Serving: Is there a way to verify Tensorflow Serving is using GPUs on a GPU instance?

Created on 7 Mar 2017 · 5Comments · Source: tensorflow/serving

While running Tensorflow Serving how to verify it uses GPUs for serving? Under serving/tensorflow, configured Tensorflow for CUDA during ./configure.

Tried monitoring nvidia-smi while running serving client query but it shows no running process found.

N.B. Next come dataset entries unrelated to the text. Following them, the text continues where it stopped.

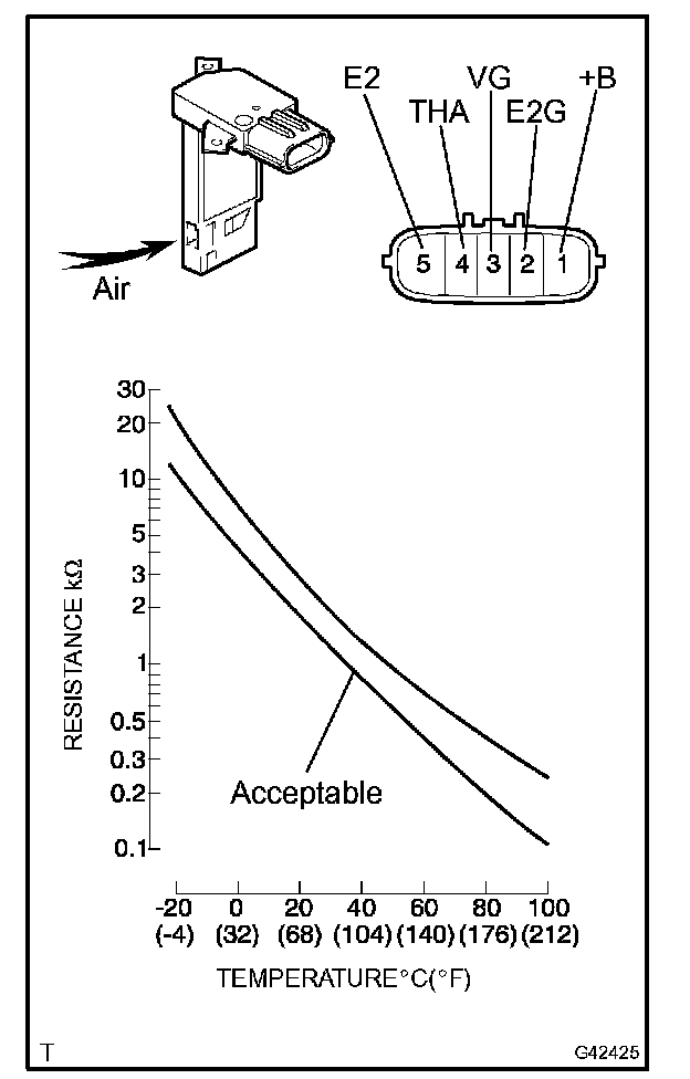 b. Measure the resistance between terminals 4 (THA) and 5 (E2).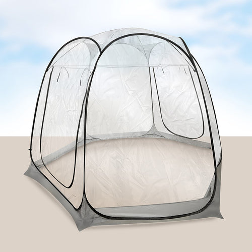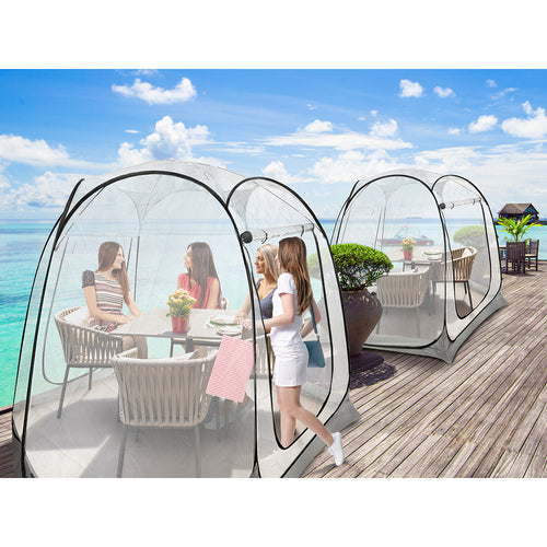 Pop Up Dining Pod, with tent, 10' x 10' x 6-3/5'H O.D. (8-1/2' x 8' x 1/2' I.D.), 80" center height, portable, (2) entrances with zippers, for a table with 4-6 people, supporting clips on all sides, compact fold away, PVC, clear (no tools required for assembly)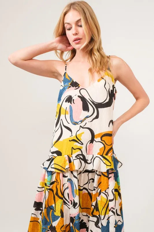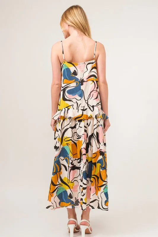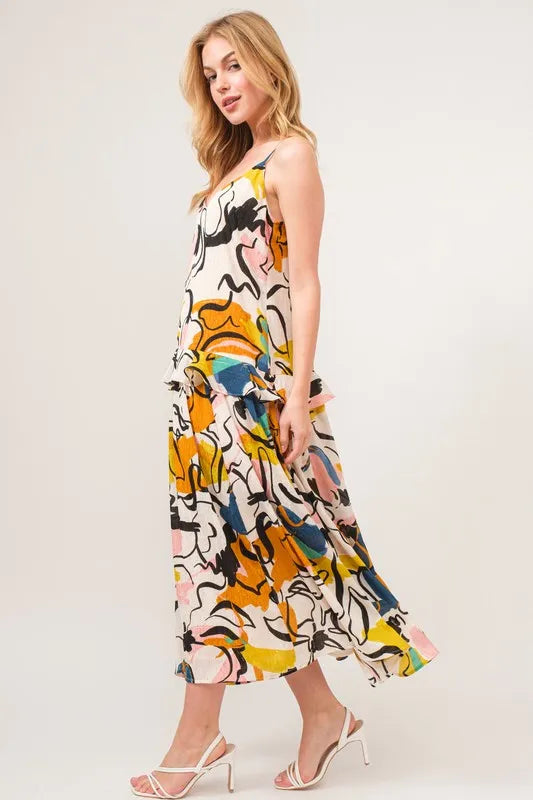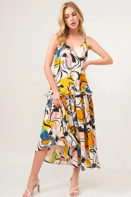 The ruffled abstract floral printed midi cami dress is a charming and feminine option for your wardrobe. The ruffled details add a playful and romantic touch to the dress. The abstract floral print is vibrant and eye-catching, perfect for adding a pop of color to your look. This midi cami dress is versatile and can be dressed up for a special event or dressed down for a casual outing. Pair it with heels and statement earrings for a dressed-up look, or with sandals and a denim jacket for a more relaxed vibe.

Below is the subset of ./configure

Do you wish to build TensorFlow with CUDA support? [y/N] y
CUDA support will be enabled for TensorFlow
Please specify which gcc should be used by nvcc as the host compiler. [Default is /usr/bin/gcc]:
Please specify the CUDA SDK version you want to use, e.g. 7.0. [Leave empty to use system default]: 8.0
Please specify the location where CUDA 8.0 toolkit is installed. Refer to README.md for more details. [Default is /usr/local/cuda]:
Please specify the Cudnn version you want to use. [Leave empty to use system default]: 5
Please specify the location where cuDNN 5 library is installed. Refer to README.md for more details. [Default is /usr/local/cuda]:
Please specify a list of comma-separated Cuda compute capabilities you want to build with.
You can find the compute capability of your device at: https://developer.nvidia.com/cuda-gpus.
Please note that each additional compute capability significantly increases your build time and binary size.

Source

sskgit

Most helpful comment

@sskgit , if you install TF serving viabazel build tensorflow_serving/... as suggested in official document, then you are using the CPU-version of TF serving. You need to use bazel build -c opt --config=cuda tensorflow_serving/... to compile the GPU-version.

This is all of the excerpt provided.